Data provided –
>>>>
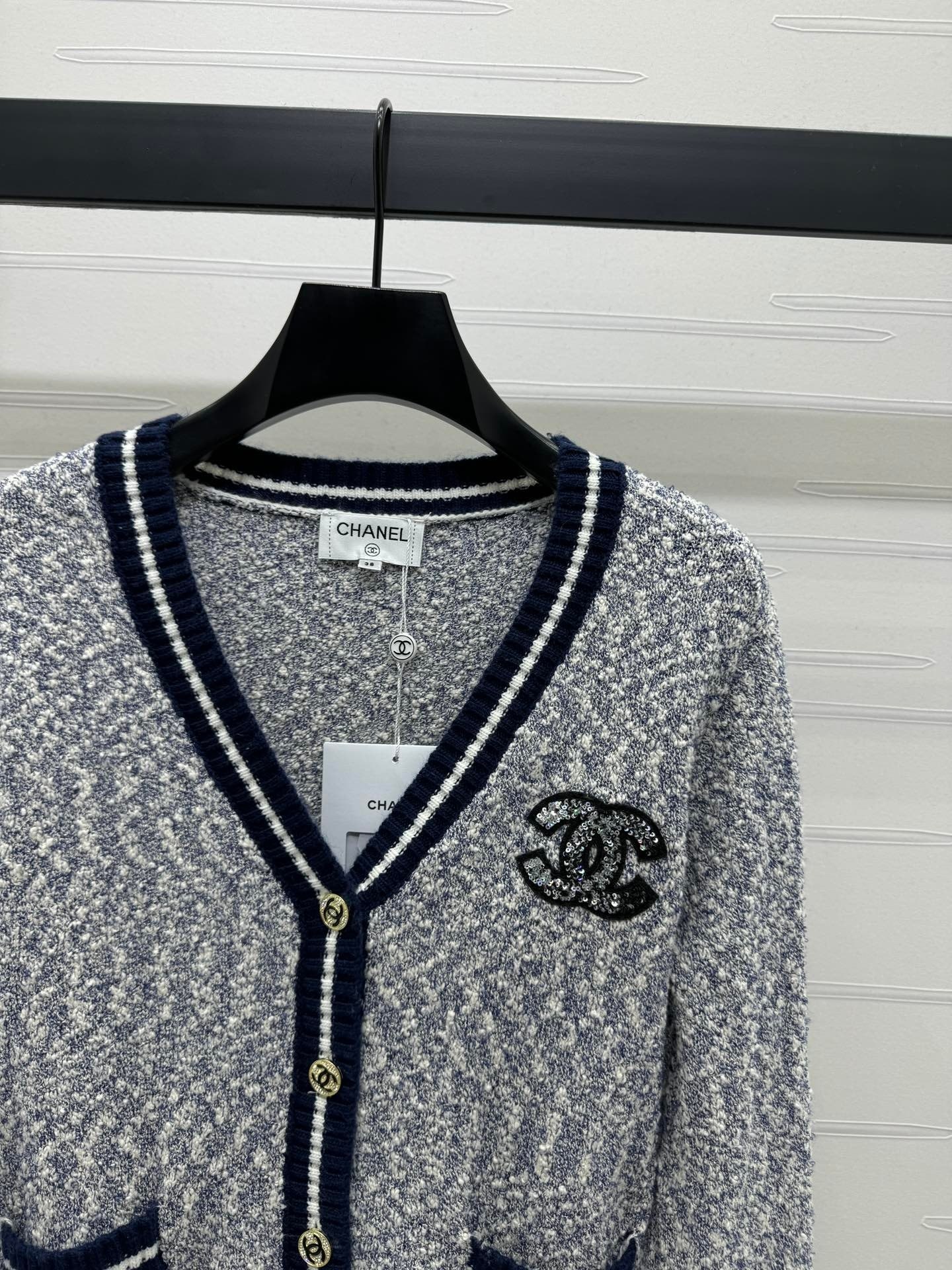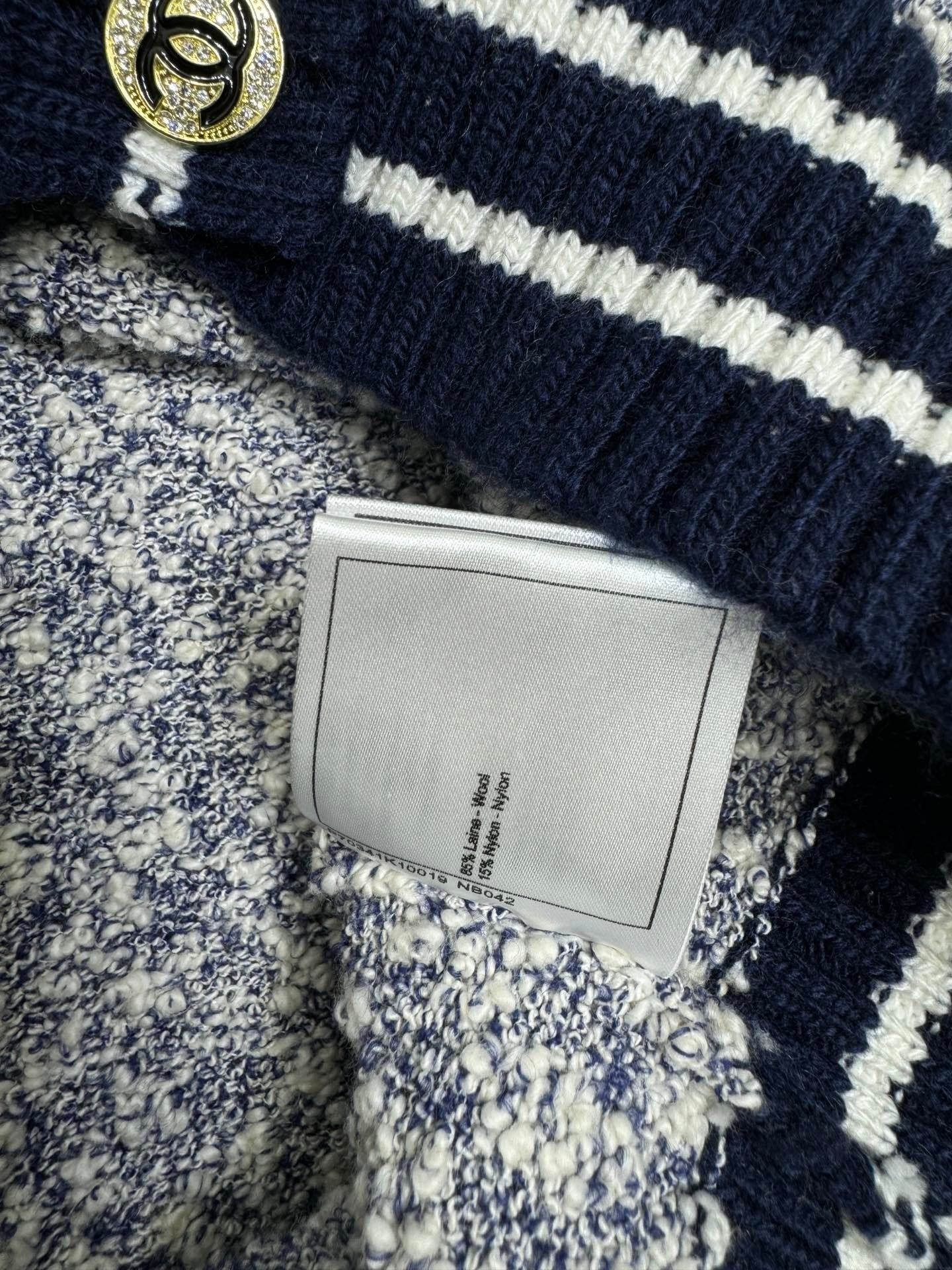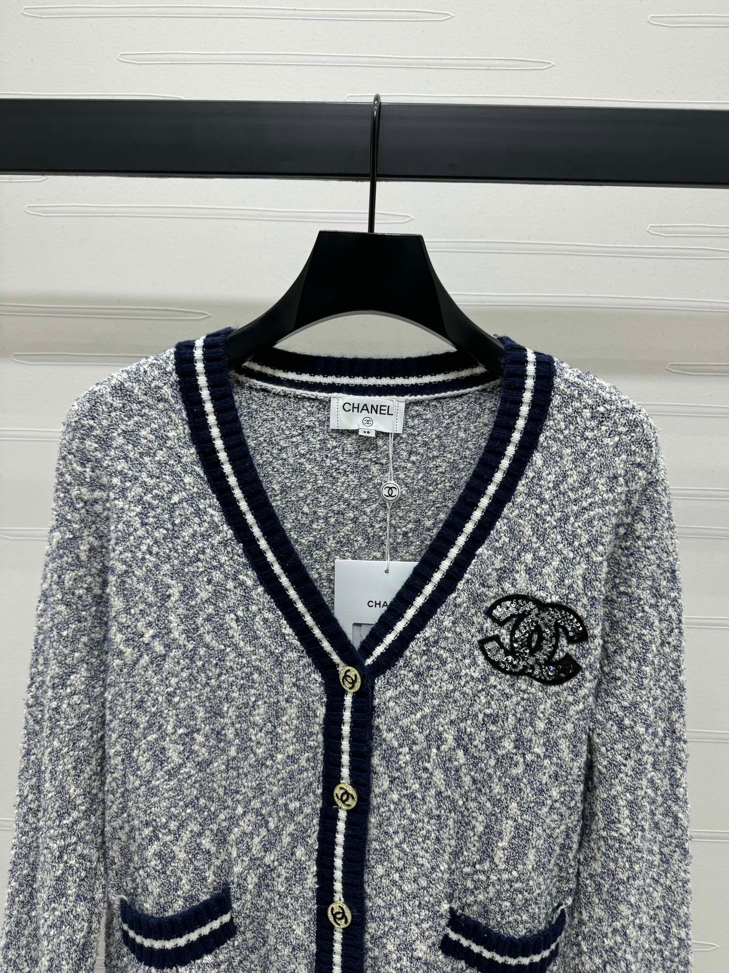 这款衣服是AAAAA 1:1 质量 (非常棒). 使用了和原版一模一样的材料. 商标部分也保持了和香奈儿/Chanel一样. 图片拍摄是实物衣服拍摄, 您所收到的实物保证和我们图片一模一样.
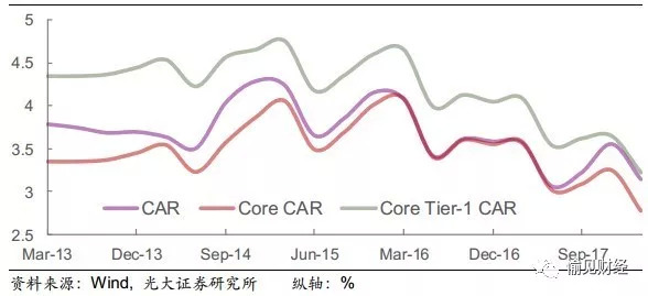 光大证券7月底的一份研究报告里计算出了下图数据:各种资本充足指标减去监管下线。读图便知,当前商业银行的资本充足率与监管最低值之间的“安全垫”正在缩小且已处于较低的水平。
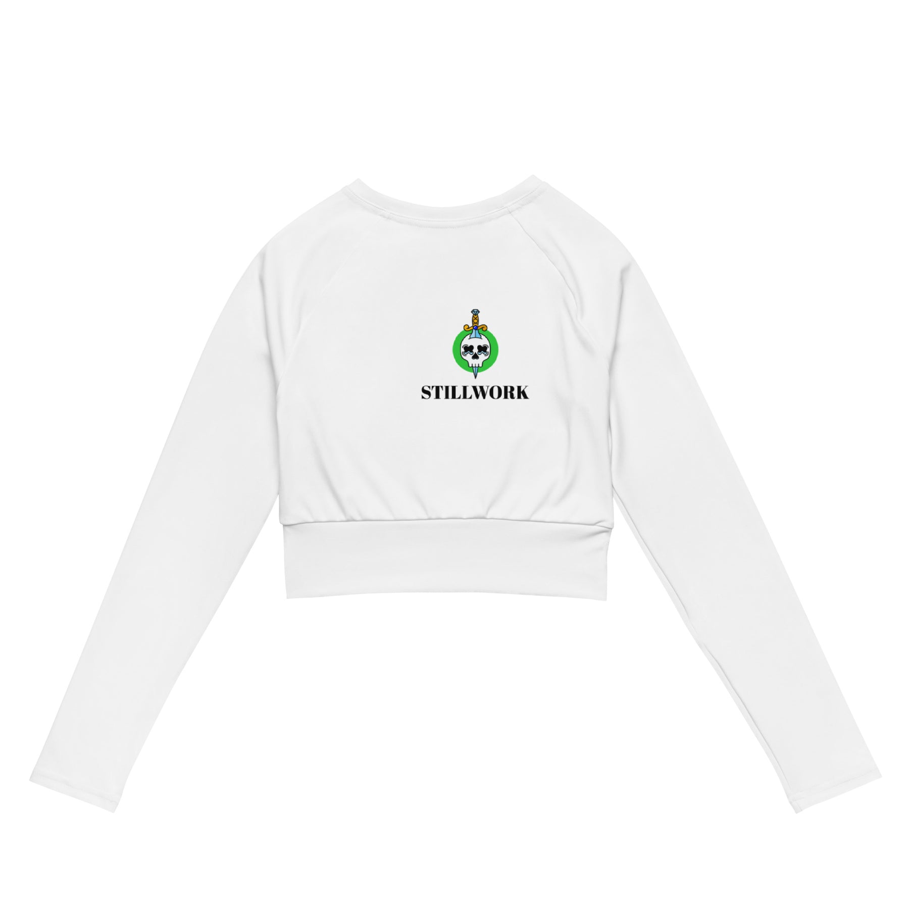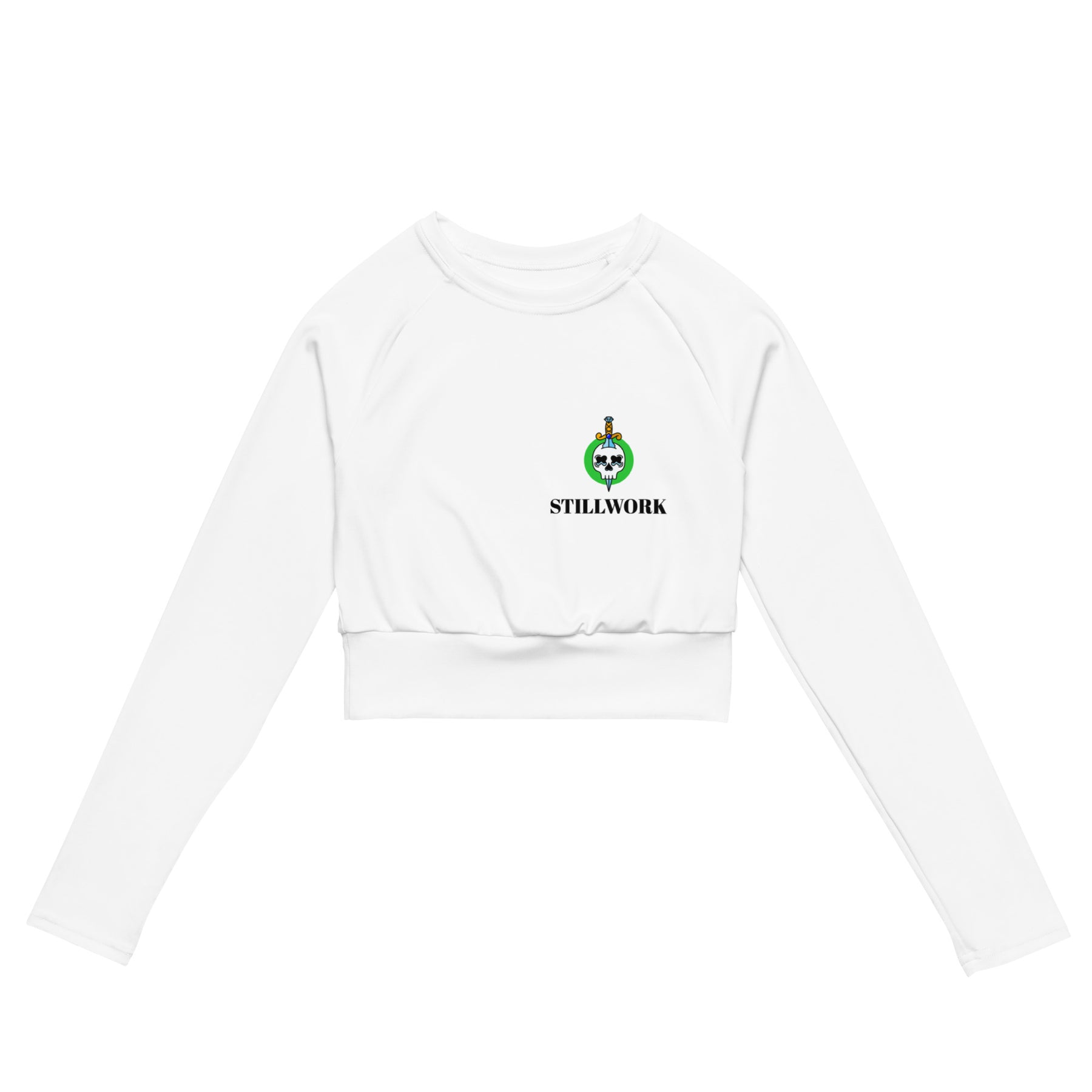 This long-sleeve crop top is made of recycled polyester and elastane, making it an eco-friendly choice for swimming, sports, or athleisure outfits. The crop top has a tear-away care label and a wide, double-layered waistline band for a comfortable fit.
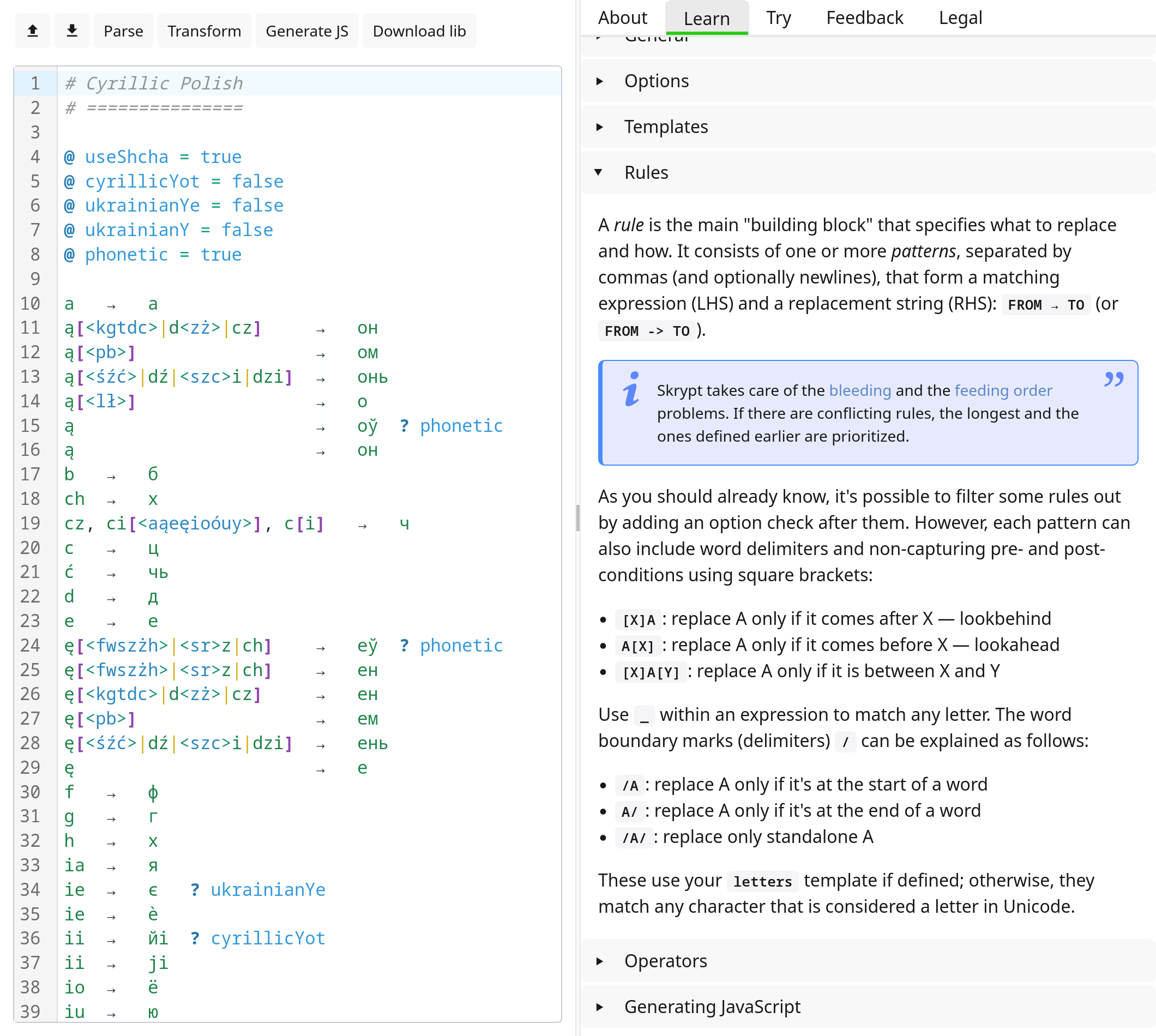 An easy and expressive text transformation language, suitable for transliteration and transcription.
<<<<
What is being asked – In your copy of the listing above, reproduce each line exactly and omit all pictures.

Response area –
 这款衣服是AAAAA 1:1 质量 (非常棒). 使用了和原版一模一样的材料. 商标部分也保持了和香奈儿/Chanel一样. 图片拍摄是实物衣服拍摄, 您所收到的实物保证和我们图片一模一样.
 光大证券7月底的一份研究报告里计算出了下图数据:各种资本充足指标减去监管下线。读图便知,当前商业银行的资本充足率与监管最低值之间的“安全垫”正在缩小且已处于较低的水平。
 This long-sleeve crop top is made of recycled polyester and elastane, making it an eco-friendly choice for swimming, sports, or athleisure outfits. The crop top has a tear-away care label and a wide, double-layered waistline band for a comfortable fit.
 An easy and expressive text transformation language, suitable for transliteration and transcription.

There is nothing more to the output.